▶ _How to complete this task_: Reproduce word for word the lines between those holding "Сначала инструментом Пометить" and "Přesýpací hodiny z", inclusive, and nothing else from the data below.

▶ _Extracted data_:
== Segment start ==

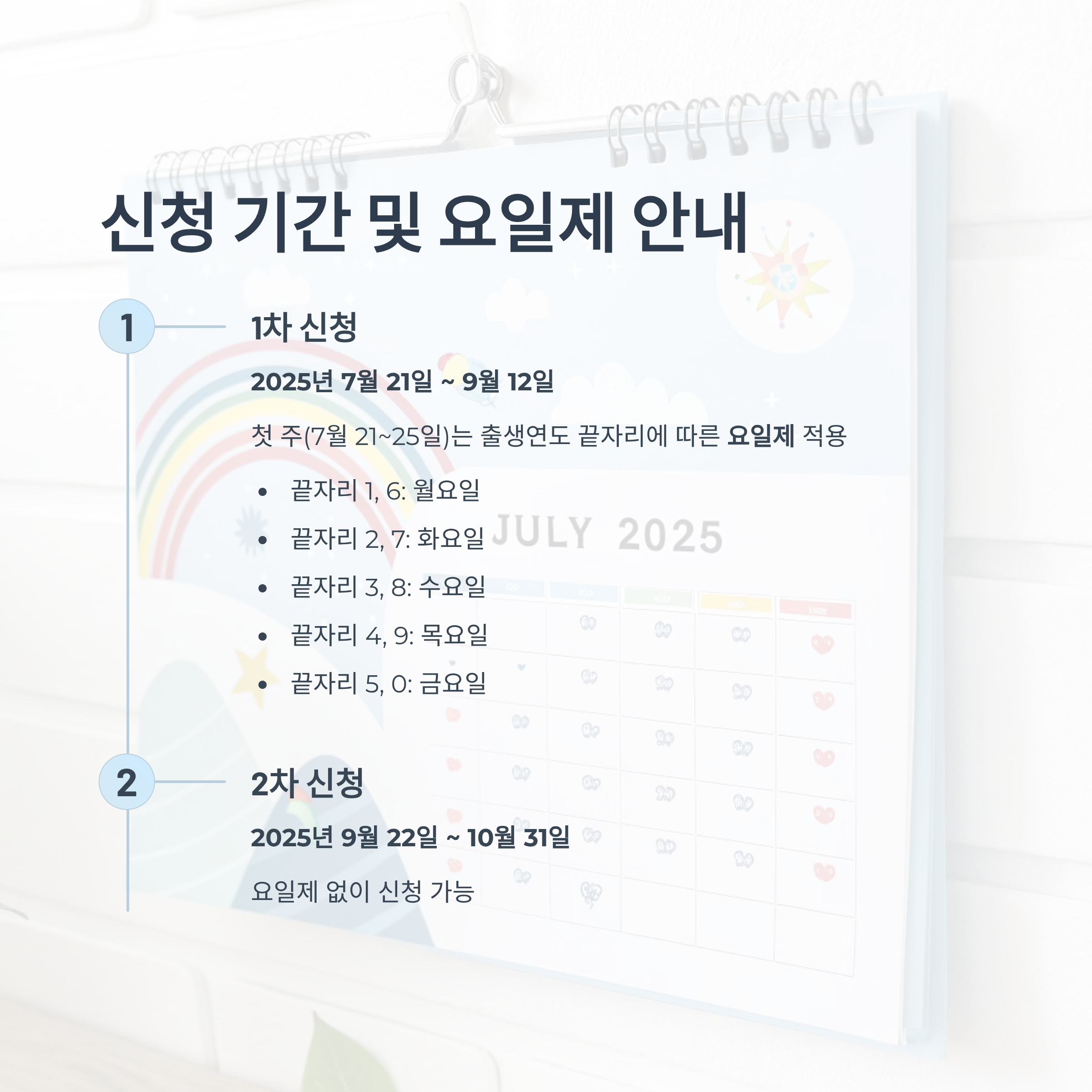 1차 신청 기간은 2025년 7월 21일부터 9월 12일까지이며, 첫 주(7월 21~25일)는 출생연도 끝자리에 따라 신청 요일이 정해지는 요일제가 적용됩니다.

== Segment end ==
== Segment start ==

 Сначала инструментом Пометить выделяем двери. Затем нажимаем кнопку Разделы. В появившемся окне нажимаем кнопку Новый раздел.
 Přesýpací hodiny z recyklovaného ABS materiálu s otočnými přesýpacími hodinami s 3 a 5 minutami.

== Segment end ==

▶ _Solution to this exercise_:
 Сначала инструментом Пометить выделяем двери. Затем нажимаем кнопку Разделы. В появившемся окне нажимаем кнопку Новый раздел.
 Přesýpací hodiny z recyklovaného ABS materiálu s otočnými přesýpacími hodinami s 3 a 5 minutami.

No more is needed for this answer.